Because two-stage, or more generally multistage, designs have been widely used in GWAS, it is important to appreciate the difference between a two-phase design as we have described, and a two-stage design often advocated for genetic studies. For a two-stage design, a large number of genetic markers are tested for their association with disease among cases and controls at the first stage, and then a small fraction of the most significant markers are measured in an independent set of cases and controls at the second stage, an even larger sample of subjects than the first stage, a situation which is often not possible in pharmacogenomics studies. The association of the markers carried forward to the second stage is then evaluated in the entire set of cases and controls [Elston et al., 2007]. In contrast, the two-phase design obtains measures on a relatively cheap surrogate marker on all cases and controls, stratifies this entire sample according to the surrogate marker genotype and case-controls status, randomly samples subjects from within each stratum to obtain a phase-2 sample, and then measures an expensive marker on the phase-2 sample. Note that the two-stage design uses independent subjects between the two stages. In contrast, for the two-phase design, the subjects in the phase-2 portion are a subset of those from the phase-1 portion. In addition, the two-stage design analyzes all subjects at the second stage, in contrast to the two-phase design that analyzes only subjects sampled for the phase-2 portion.

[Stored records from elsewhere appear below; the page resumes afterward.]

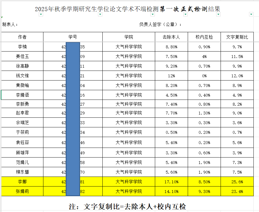 2025年秋季学期研究生学位论文学术不端检测第一次正式检测结果
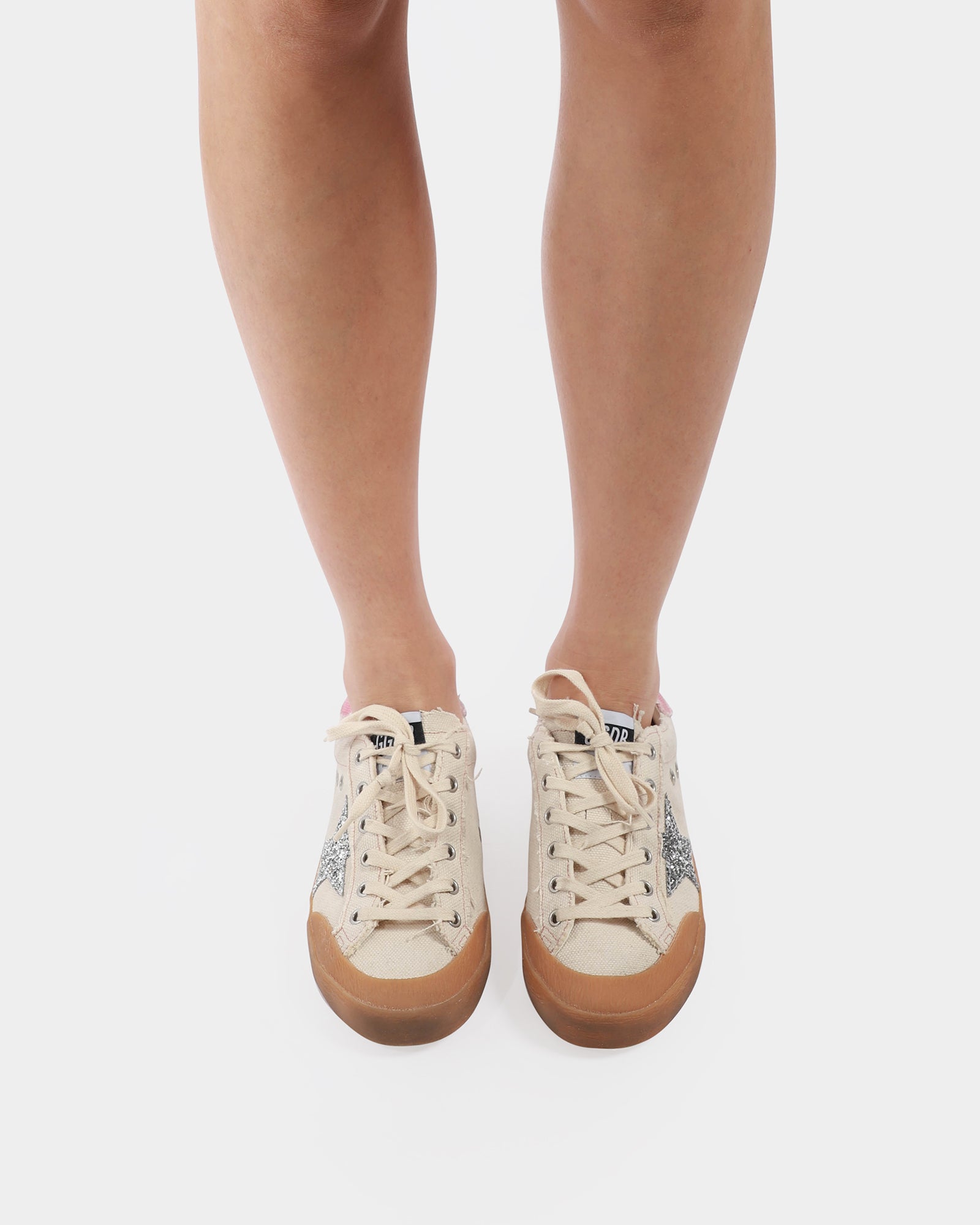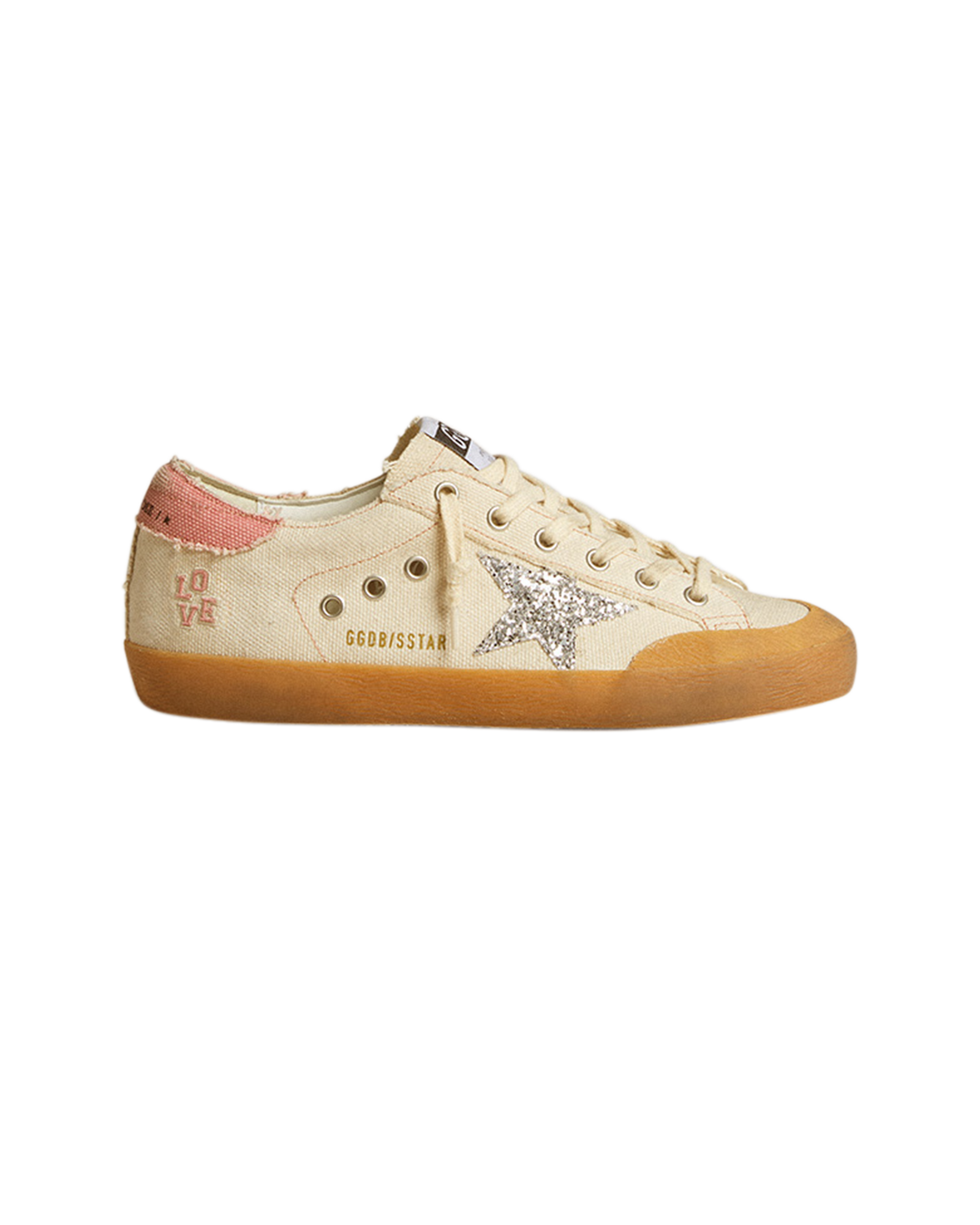 • The Superstar Penstar Classic With List sneakers, feature an off white canvas upper and a pink heel. The sneakers have a silver glitter star on side, a 'LOVE' embroidered detail and a contrast rubber sole. Made in Italy.
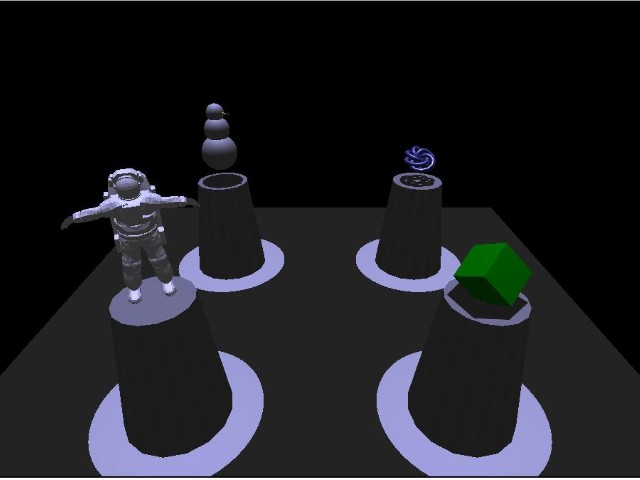 In this part of the assignment, we give you some starter code for a “museum.” It has pedestals to display things, spotlights to shine on them, and cameras to look at each thing in more detail. The only problem - this museum doesn’t have much on display. We say “space-age” because the objects magically float above their pedestals.
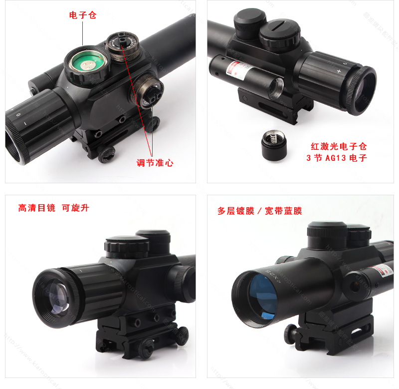 發(fā)光的紅色和綠色的米點十字線,與5個層次的亮度調(diào)整每個顏色。
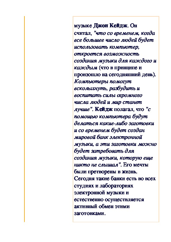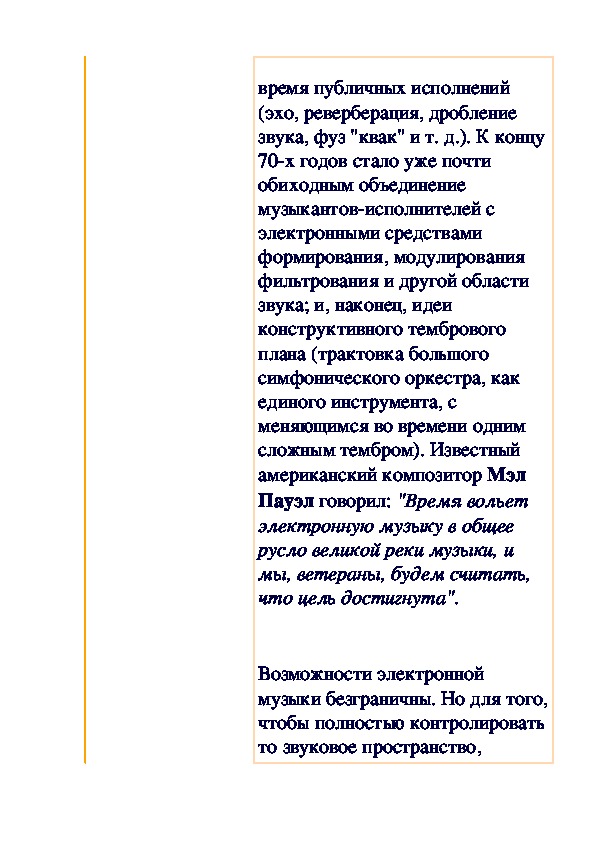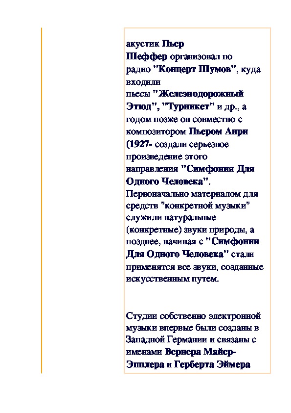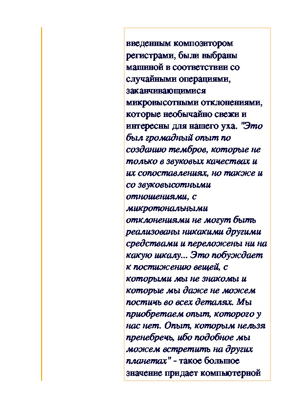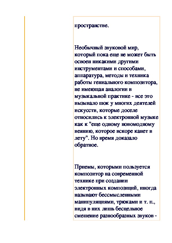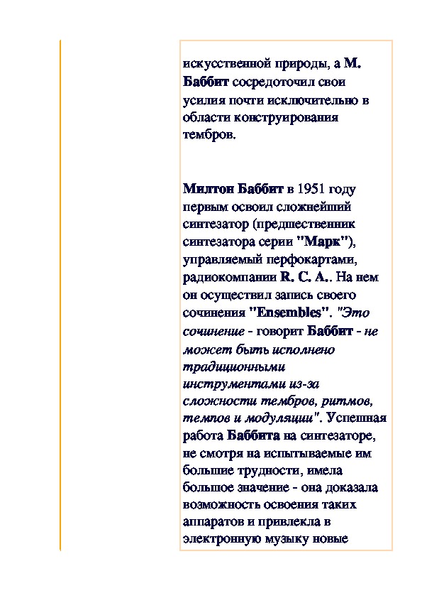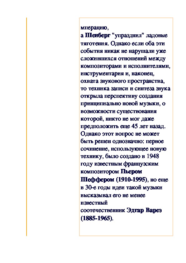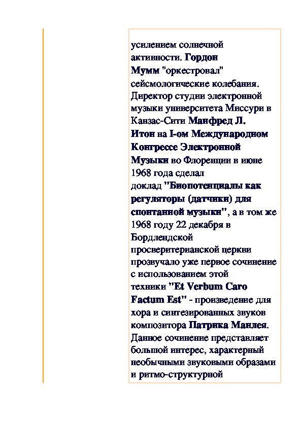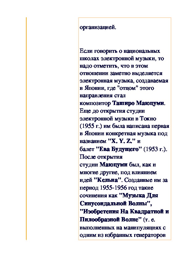 Позвольте предложить Вашему вниманию лекцию Эдуарда Николаевича Артемьева "Заметки об электронной музыке", посвящeнную интереснейшему пласту современного искусства - электронной и электроакустической музыке.Позвольте предложить Вашему вниманию лекцию Эдуарда Николаевича Артемьева "Заметки об электронной музыке", посвящeнную интереснейшему пласту современного искусства - электронной и электроакустической музыке.
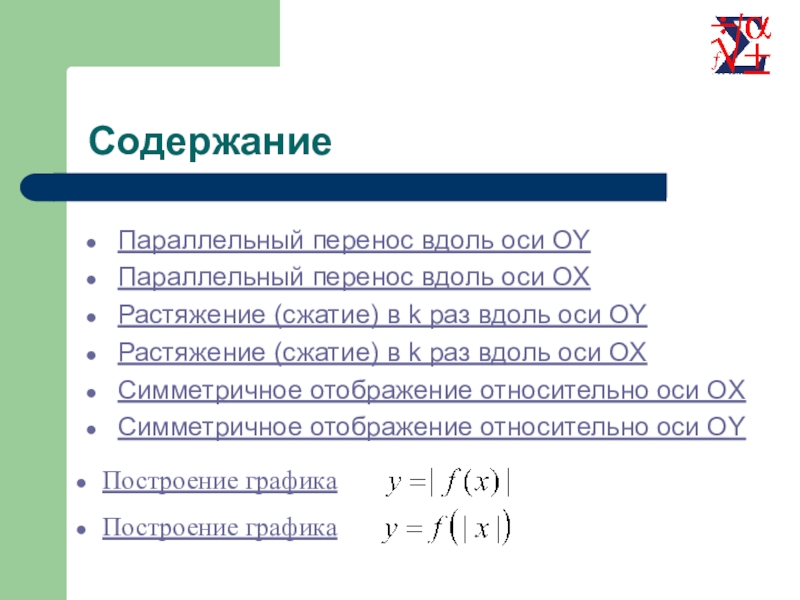 Параллельный перенос вдоль оси OYПараллельный перенос вдоль оси OXРастяжение (сжатие) в k раз вдоль оси OYРастяжение (сжатие) в k раз вдоль оси OXСимметричное отображение относительно оси OXСимметричное отображение относительно оси OYСодержание
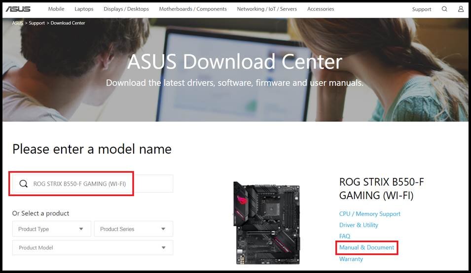 Если настройки BIOS не соответствуют норме или разгон и другие факторы вызывают сбой нормальной загрузки системы, можно использовать следующие методы для сброса BIOS. Перейдите на официальный сайт ASUS, чтобы проверить модель вашей материнской платы, чтобы подтвердить положение контакта CLRTC. Сначала загрузите руководство, соответствующее вашей модели материнской платы, из ASUS Центра загрузок. Введите модель -> щелкните Руководство и Документы. (Пример: модель ROG STRIX B550-F GAMING (WI-FI)) Примечание: Руководство можно получить: Найдите CLR 1. Используйте материнскую плату, чтобы очистить настройки BIOS, в зависимости от материнской платы, будут следующие методы: а. Двухконтактный тип CLRTC, пожалуйста, выключите питание и отсоедините шнур питания, прикоснитесь к двум контактам металлическим предметом, например отверткой, примерно на 5-10 секунд. После повторного подключения питания и загрузки нажмите и удерживайте клавишу удаления или клавишу F2, чтобы войти в BIOS для сброса. (П
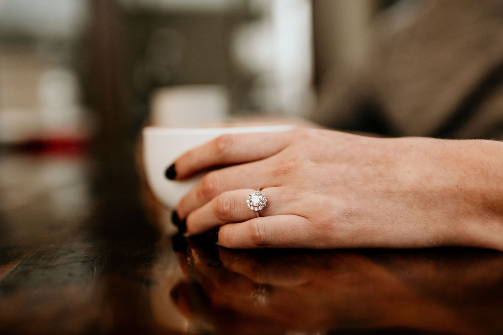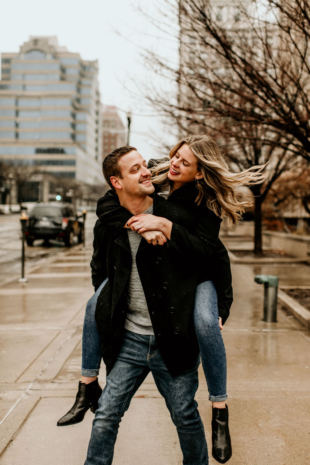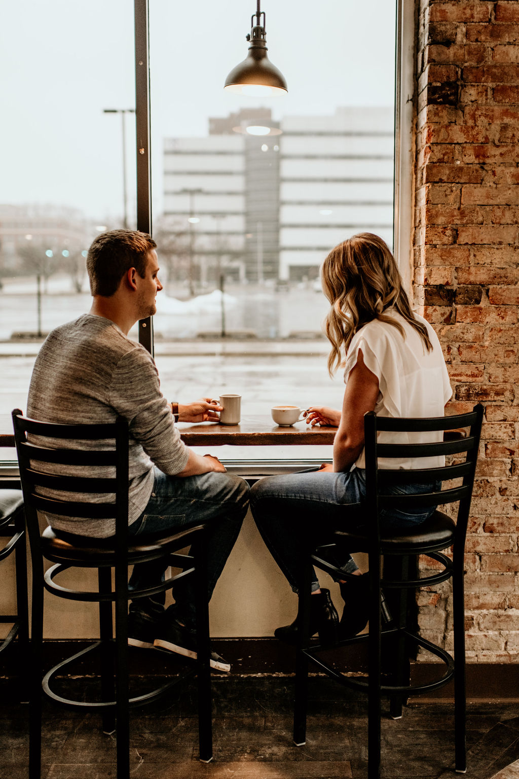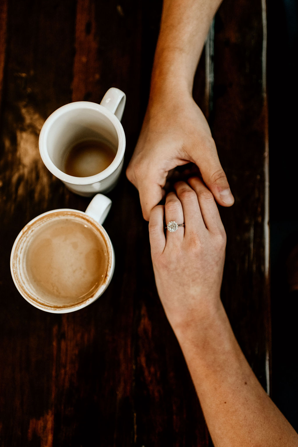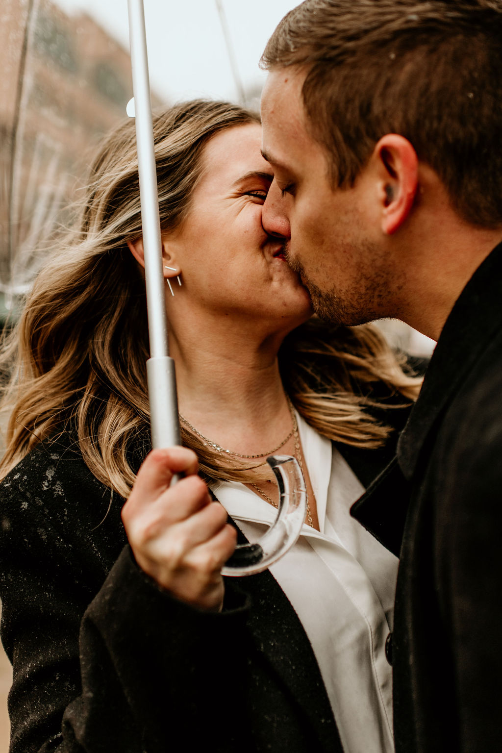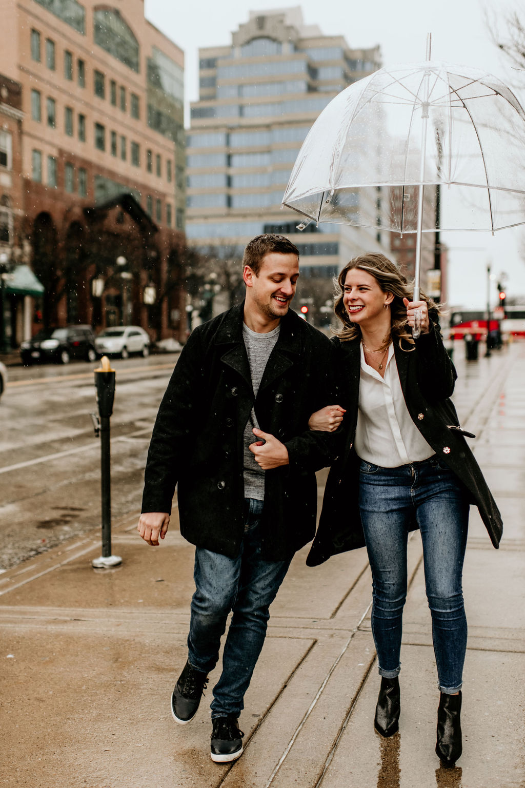 We adventured to a local coffee shop, Thirty Thirty Coffee for the first half of their session, and finished outside of the Peoria Illinois Courthouse, with a clear umbrella in hand, and love surrounding, despite the gloomy weather.
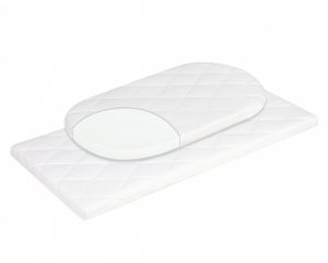 Babymatratzen, die speziell für die gesunde Lagerung unterwegs konzipiert wurden, sind entsprechend der Kinderwagenform häufig mit abgerundeten Ecken ausgestattet. (Bildquelle: julius-zoellner.de)
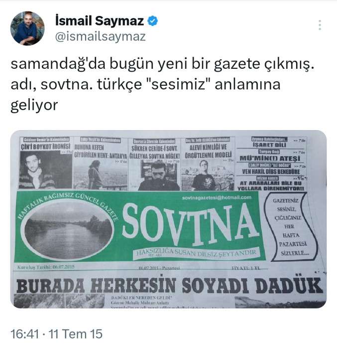 6 Temmuz 2015 yılında ilk baskımızı halkımıza sunduk. Daha ilk baskıda gazete inanılmaz bir ilgiyle karşılandı. İsmi çok dikkat çekmiş ve insanlar büyük bir heyecanla SOVTNA'yı okumak istiyor, ünlü gazeteci İsmail Saymaz bile daha ilk sayıda gazetemizin fotoğrafını çekip Twitter sayfasında paylaşmıştı. Bu ilgiyi gördükten sonra bende iyiki SOVTNA olmuş dedim.
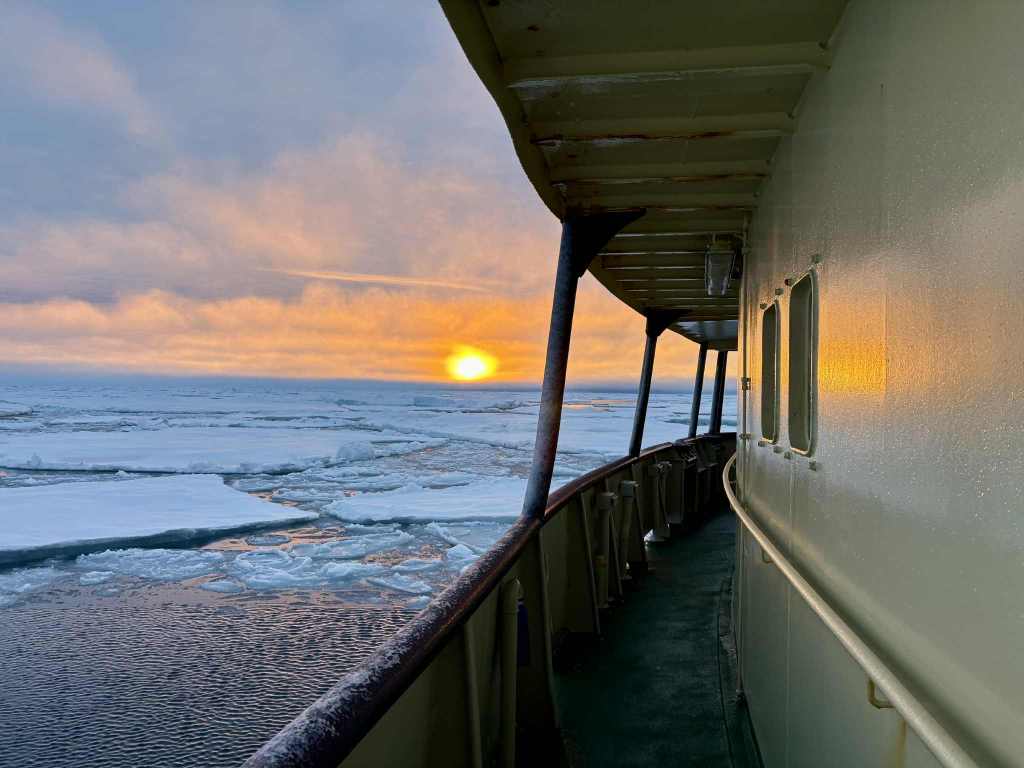 Att det ens är farbart där vi befinner oss är ingen självklarhet; packis och lokala glaciärer påverkar navigeringen här. Därför är det ytterst få fartyg som tar sig hit, eftersom utmaningarna är alltför stora för de flesta. Den korta isfria säsongen varar dessutom bara från juli till september.

To solidify our ideas with a practical example, a GWAS of breast cancer risk among women treated with either tamoxifen or raloxifene to prevent breast cancer identified two regions of interest, on chromosomes 4 and 16. The strongest associated SNPs from each of these two regions had P-values of 8.5 × 10−7 and 1.1 × 10−6, respectively. Furthermore, when these two SNPs were modeled jointly in logistic regression, there was a hint of interaction (modeling additive effects of alleles on the log odds ratio [OR]), with P-value of 5.1 × 10−3. The phase-1 sample of this GWAS had 592 cases and 1,171 controls. Because there were two regions of interest, and the sample size was too costly to resequence all subjects, a two-phase design was used. For this design, there were nine two-SNP genotype categories. Cross-classifying these nine categorieswith case/control status gives 18 strata. With a budget to resequence 400 samples in the two regions of interest, we opted for a design that approximately equally allocated the 400 samples across the 18 strata. As we will show, the analysis of this phase-2 sample can be performed by traditional logistic regression, for which the balanced design adjusts out the effects of the two tag SNPs. Alternatively, sampling weights can be used that allow us to take advantage of the correlation of the tag-SNPs with variants discovered in the resequencing studies, providing more flexible modeling opportunities and improved efficiency of parameter estimation.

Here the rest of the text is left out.